The Assessor identified matters raised by the parties and determined that the only relevant matter was the allegation of a false and misleading statement. However, the Assessor concluded that he was not satisfied that the claim was unsuitable for assessment and recorded his view that a fair and just hearing could still be had at an AC. He additionally noted that credit is often an issue in an AC and that credibility could still be determined in that context.

Her Honour endorsed this approach and held that the Assessor's reasons were sufficiently clear.

This ground was not made out.

Allegations

The Insurer argued that the Assessor did not apply the correct weight to the false and misleading allegations that were made pursuant to clause 14.16.11 of the Guidelines in his reasoning.

The court observed that the Assessor had clearly accepted that there was substance to the Insurer's allegations that the Claimant had not disclosed his prior back conditions in circumstances which would be relevant to his credit and capacity. He had gone on to acknowledge that if further material become available then this could impact the Assessor's decision.

Her Honour was not persuaded by the Insurer's argument. There was nothing inappropriate, nor unlawful, in his reasoning.

This ground was not made out.

As such, the Insurer's summons was dismissed with costs.
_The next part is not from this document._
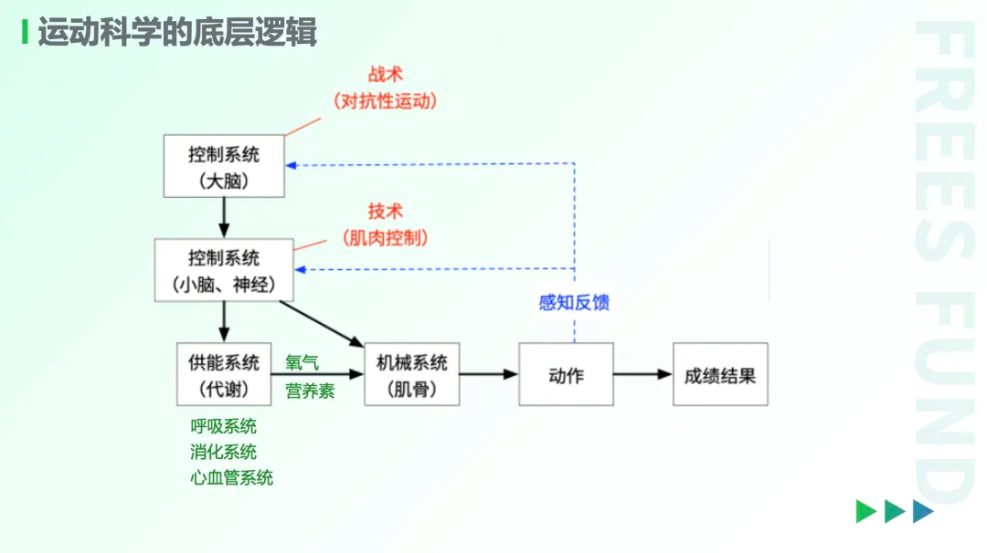 当我们开始做运动时,无论是跑步还是打球,大脑会先决定我们的行动目标,然后通过小脑指导我们的身体来实现这些目标。最后在执行层面,我们会调动底层的代谢系统、神经系统和肌骨系统来完成相应的动作。

Why this case is important

This decision confirms the well-established view that Claims Assessors have a broad discretion in determining whether a claim is unsuitable for assessment under s92(1)(b) of the Act. Chapter 14 of the Guidelines sets out circumstances that may be relevant to the issue, but these are not conclusive. Mere reliance on an allegation that the claimant has made a false or misleading statement is not enough to satisfy the requirement of unsuitability. Even if there is evidence supporting the allegation, its seriousness needs to be weighed against competing factors which may favour a timely, fair and cost effective forum for dispute resolution. In the present case there were "several infelicities of expression" behind the Assessor's reasoning, but those did not cloud his path of reasoning. If that path of reasoning is clear, parties should carefully consider whether a challenge to an Assessor's determination on discretionary applications is viable.